I ran into a small problem using Python Regex.
Suppose this is the input:
(zyx)bc
What I'm trying to achieve is obtain whatever is between parentheses as a single match, and any char outside as an individual match. The desired result would be along the lines of:
['zyx','b','c']
The order of matches should be kept.
I've tried obtaining this with Python 3.3, but can't seem to figure out the correct Regex. So far I have:
matches = findall(r'\((.*?)\)|\w', '(zyx)bc')
print(matches)
yields the following:
['zyx','','']
Any ideas what I'm doing wrong?
From the documentation of re.findall
:
If one or more groups are present in the pattern, return a list of groups; this will be a list of tuples if the pattern has more than one group.
While your regexp is matching the string three times, the (.*?)
group is empty for the second two matches.
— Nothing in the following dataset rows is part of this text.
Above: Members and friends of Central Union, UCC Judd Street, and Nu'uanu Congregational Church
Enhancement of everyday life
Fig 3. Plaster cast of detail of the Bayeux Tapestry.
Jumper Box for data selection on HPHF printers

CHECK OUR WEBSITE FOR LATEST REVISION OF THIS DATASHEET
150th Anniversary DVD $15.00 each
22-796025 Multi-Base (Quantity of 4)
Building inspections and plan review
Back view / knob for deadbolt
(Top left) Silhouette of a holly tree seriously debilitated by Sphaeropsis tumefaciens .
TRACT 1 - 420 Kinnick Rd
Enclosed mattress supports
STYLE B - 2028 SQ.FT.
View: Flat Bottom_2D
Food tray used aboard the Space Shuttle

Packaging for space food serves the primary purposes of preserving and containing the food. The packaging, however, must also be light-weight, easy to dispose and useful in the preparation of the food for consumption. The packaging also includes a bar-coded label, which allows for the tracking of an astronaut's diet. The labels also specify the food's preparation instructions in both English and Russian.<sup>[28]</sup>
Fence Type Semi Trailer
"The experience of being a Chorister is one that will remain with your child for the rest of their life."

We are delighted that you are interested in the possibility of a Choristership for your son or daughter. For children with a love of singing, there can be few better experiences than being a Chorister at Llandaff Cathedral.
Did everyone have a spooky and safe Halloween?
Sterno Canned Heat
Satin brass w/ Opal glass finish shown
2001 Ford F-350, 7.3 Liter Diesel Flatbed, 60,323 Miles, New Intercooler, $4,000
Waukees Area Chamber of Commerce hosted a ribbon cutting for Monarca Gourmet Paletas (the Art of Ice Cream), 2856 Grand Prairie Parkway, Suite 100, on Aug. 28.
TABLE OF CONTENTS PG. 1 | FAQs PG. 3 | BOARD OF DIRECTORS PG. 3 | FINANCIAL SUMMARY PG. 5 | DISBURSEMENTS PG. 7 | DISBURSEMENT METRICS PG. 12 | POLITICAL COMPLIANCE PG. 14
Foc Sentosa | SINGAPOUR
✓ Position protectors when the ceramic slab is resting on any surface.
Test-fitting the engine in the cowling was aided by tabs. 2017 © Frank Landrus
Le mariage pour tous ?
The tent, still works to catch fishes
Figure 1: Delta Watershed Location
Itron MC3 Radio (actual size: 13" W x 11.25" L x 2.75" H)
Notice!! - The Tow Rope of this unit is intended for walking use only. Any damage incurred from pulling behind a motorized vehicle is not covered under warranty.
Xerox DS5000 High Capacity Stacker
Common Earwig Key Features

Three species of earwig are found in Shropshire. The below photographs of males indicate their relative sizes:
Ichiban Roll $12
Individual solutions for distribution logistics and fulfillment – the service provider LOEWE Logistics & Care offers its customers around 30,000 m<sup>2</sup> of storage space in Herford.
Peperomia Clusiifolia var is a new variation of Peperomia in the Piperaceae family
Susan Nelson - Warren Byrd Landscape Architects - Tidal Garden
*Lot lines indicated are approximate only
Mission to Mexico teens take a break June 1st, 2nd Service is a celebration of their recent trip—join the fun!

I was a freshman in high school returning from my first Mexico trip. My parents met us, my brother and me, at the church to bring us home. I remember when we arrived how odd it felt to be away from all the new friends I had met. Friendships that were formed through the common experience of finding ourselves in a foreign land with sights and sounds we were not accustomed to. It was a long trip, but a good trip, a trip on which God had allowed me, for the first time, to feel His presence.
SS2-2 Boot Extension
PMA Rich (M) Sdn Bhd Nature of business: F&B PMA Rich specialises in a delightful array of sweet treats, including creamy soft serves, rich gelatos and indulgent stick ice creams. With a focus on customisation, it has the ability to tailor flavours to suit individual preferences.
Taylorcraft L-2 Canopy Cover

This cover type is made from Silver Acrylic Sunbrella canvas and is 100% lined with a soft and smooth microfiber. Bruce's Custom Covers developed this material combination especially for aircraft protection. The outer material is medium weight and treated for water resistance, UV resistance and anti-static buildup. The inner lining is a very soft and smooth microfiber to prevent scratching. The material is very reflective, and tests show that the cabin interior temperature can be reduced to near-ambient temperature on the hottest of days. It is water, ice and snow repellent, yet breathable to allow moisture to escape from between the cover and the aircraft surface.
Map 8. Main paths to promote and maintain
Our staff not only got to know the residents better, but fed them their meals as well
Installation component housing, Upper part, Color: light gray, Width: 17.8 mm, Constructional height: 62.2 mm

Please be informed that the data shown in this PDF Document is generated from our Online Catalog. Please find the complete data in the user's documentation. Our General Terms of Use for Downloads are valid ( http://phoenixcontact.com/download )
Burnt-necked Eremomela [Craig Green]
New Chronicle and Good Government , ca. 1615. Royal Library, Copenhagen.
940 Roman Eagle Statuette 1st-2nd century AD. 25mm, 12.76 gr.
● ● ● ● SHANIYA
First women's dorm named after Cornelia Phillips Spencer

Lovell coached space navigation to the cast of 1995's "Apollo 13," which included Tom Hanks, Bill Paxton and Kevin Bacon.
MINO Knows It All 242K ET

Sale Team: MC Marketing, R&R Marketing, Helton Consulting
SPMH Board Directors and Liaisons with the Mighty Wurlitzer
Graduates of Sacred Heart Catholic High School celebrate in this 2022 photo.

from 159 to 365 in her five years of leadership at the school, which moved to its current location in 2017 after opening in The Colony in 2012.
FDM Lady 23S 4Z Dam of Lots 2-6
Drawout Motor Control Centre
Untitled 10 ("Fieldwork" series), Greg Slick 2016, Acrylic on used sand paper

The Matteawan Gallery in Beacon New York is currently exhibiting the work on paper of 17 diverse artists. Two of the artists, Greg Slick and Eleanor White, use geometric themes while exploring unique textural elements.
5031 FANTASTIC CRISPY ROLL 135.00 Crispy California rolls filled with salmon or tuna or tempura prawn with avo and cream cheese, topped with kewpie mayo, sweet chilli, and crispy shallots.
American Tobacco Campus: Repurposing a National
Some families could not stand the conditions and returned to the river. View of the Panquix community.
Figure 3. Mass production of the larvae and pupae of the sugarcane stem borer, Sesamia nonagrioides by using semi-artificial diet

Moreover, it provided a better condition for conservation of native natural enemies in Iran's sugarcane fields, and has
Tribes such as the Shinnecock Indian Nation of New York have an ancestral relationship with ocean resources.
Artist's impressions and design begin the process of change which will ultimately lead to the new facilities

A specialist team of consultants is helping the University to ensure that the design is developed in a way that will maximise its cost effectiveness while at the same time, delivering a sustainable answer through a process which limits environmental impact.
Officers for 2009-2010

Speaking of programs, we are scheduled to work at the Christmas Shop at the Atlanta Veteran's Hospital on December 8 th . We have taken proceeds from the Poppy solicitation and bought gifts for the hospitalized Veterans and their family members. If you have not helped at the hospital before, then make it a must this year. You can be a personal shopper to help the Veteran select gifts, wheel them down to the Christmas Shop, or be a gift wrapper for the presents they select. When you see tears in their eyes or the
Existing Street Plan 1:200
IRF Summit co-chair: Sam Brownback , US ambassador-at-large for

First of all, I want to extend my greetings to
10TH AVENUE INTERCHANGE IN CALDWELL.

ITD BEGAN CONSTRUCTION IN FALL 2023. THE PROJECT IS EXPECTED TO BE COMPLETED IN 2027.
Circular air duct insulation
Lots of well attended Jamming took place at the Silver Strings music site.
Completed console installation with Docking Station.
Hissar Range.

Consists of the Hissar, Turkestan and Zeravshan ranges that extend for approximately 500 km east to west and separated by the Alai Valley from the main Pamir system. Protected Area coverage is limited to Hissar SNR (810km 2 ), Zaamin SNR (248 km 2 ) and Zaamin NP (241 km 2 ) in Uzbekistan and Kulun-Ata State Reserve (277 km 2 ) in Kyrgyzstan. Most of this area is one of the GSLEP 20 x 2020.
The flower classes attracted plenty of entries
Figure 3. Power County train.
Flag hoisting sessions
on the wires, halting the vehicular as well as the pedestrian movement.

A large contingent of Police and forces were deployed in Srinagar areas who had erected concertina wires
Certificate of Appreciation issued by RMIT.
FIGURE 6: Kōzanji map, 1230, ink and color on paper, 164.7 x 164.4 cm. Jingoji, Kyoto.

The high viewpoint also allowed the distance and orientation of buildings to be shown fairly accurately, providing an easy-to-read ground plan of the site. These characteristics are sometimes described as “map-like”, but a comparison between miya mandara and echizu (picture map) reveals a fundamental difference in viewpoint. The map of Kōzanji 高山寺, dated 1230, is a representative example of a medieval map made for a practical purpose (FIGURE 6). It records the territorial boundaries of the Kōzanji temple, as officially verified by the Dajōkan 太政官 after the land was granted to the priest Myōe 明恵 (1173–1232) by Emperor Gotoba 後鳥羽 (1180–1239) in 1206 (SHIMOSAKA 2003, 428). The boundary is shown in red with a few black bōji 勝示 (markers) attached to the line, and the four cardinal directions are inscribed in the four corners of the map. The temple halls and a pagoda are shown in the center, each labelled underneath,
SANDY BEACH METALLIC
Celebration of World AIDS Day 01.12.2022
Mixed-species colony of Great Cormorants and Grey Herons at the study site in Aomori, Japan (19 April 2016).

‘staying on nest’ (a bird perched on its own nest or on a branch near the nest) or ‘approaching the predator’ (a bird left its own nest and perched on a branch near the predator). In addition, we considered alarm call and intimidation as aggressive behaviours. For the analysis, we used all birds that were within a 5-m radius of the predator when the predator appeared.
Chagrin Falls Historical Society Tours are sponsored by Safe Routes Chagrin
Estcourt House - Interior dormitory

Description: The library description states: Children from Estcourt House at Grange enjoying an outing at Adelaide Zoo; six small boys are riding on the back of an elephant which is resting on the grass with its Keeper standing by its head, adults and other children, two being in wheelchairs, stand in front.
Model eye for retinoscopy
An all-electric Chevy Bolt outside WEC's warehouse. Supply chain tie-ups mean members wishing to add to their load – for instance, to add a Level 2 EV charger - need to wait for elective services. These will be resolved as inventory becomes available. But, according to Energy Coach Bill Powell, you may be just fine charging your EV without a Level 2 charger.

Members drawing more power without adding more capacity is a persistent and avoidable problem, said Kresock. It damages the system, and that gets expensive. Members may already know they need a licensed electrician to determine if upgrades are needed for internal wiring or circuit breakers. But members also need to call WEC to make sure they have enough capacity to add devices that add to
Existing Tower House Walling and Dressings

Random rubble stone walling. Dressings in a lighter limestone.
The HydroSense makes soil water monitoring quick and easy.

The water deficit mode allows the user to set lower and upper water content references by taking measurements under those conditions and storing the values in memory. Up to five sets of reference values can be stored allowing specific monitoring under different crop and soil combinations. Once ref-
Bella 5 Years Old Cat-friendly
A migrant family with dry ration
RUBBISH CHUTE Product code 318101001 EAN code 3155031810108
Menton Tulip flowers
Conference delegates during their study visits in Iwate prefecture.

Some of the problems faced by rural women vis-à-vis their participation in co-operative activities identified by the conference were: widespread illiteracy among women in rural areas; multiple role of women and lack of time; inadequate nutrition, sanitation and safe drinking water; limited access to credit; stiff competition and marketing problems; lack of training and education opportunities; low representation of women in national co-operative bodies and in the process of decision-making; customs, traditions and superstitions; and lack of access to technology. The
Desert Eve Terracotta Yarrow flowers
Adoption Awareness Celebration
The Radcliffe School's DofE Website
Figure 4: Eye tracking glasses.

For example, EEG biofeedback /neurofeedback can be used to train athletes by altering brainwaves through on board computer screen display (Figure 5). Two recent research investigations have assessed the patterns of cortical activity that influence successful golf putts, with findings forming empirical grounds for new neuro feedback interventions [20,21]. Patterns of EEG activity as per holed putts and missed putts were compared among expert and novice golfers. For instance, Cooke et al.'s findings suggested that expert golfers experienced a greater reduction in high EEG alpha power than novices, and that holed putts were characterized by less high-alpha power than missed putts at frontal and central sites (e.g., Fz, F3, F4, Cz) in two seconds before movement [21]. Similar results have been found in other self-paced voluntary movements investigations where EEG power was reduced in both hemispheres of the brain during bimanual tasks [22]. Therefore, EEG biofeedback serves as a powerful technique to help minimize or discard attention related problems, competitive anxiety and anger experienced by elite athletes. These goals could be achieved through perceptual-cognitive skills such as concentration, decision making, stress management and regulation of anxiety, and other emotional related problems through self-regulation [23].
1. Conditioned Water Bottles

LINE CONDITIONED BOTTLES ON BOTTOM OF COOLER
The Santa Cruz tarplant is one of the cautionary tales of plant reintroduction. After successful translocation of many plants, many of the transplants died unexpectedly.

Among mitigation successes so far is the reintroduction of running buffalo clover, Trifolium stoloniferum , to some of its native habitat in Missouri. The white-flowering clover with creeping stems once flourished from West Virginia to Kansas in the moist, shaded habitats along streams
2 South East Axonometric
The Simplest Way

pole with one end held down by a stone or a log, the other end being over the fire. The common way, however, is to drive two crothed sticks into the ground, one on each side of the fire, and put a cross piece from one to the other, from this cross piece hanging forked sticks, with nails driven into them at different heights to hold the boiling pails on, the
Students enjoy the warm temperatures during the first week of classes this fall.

If you want the output of the other half of the regexp, you can add a second group:
>>> re.findall(r'\((.*?)\)|(\w)', '(zyx)bc')
[('zyx', ''), ('', 'b'), ('', 'c')]
Alternatively, you could remove all the groups to get a simple list of strings again:
>>> re.findall(r'\(.*?\)|\w', '(zyx)bc')
['(zyx)', 'b', 'c']
You would need to manually remove the parentheses though.